Временами из соседей завернет к нему, бывало, отставной гусар-поручик, прокуренный насквозь трубочный куряка, или брандер-полковник, мастер и охотник на разговоры обо всем. Но и это стало ему надоедать. Разговоры их начали ему казаться как-то поверхностными; живое, ловкое обращенье, потрепки по колену и прочие развязности начали ему казаться уже чересчур прямыми и открытыми. Он решился с ними раззнакомиться и произвел это даже довольно резко. Именно, когда представитель всех полковников-брандеров, наиприятнейший во всех поверхностных разговорах обо всем, Варвар Николаич Вишнепокромов приехал к нему затем именно, чтобы наговориться вдоволь, коснувшись и политики, и философии, и литературы, и морали, и даже состоянья финансов в Англии, он выслал сказать, что его нет дома, и в то же время имел неосторожность показаться перед окошком.

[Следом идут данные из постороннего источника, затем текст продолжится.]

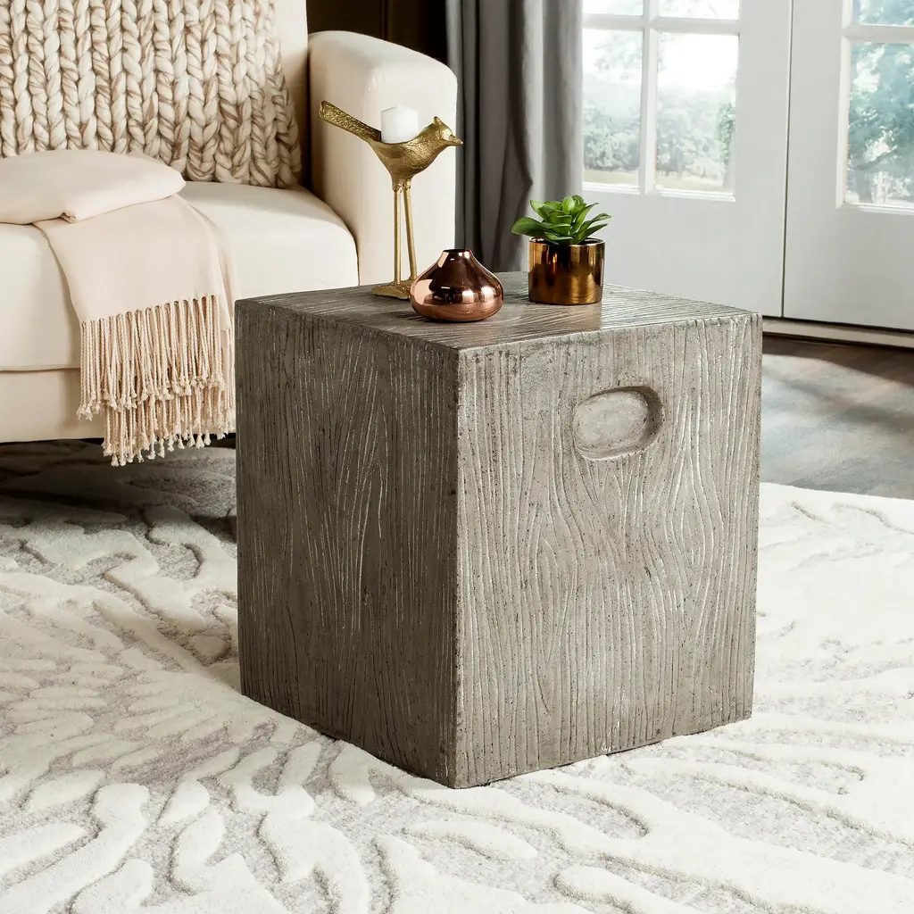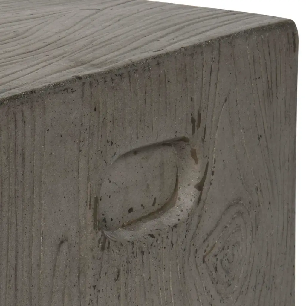 With a stylistic provenance that includes the bold lines of Cubism and Corbusier’s intellectual modernism, this contemporary concrete accent table is a design classic. Crafted with durable concrete in a rugged dark grey hue, it instantly refreshes any space. Perfect for indoor and outdoor use. Store outdoor furniture indoors or cover well when not in use. Remove wooden furniture from standing water. Dust regularly with small brush or vacuum. Spills should be taken care of immediately before they harden or stain with a slightly dampened sponge. Do not use bleach solutions.

Гость и хозяин встретились взорами. Один, разумеется, проворчал сквозь зубы: «Скотина!», другой послал ему тоже что-то вроде свиньи. Так и кончилось знакомство. С тех пор не заезжал к нему никто. Уединенье полное водворилось в доме. Хозяин залез в халат безвыходно, предавши тело бездействию, а мысль — обдумыванью большого сочиненья о России. Как обдумывалось это сочинение, читатель уже видел. День приходил и уходил, однообразный и бесцветный. Нельзя сказать, однако же, чтобы не было минут, в которые как будто пробуждался он ото сна. Когда привозила почта газеты, новые книги и журналы и попадалось ему в печати знакомое имя прежнего товарища, уже преуспевавшего на видном поприще государственной службы или приносившего посильную дань наукам и образованью всемирному, тайная тихая грусть подступала ему под сердце, и скорбная, безмолвно-грустная, тихая жалоба на бездействие свое прорывалась невольно. Тогда противной и гадкой казалась ему жизнь его. С необыкновенной силой воскресало пред ним школьное минувшее время и представал вдруг, как живой, Александр Петрович… Градом лились из глаз его слезы, и рыданья продолжались почти весь день.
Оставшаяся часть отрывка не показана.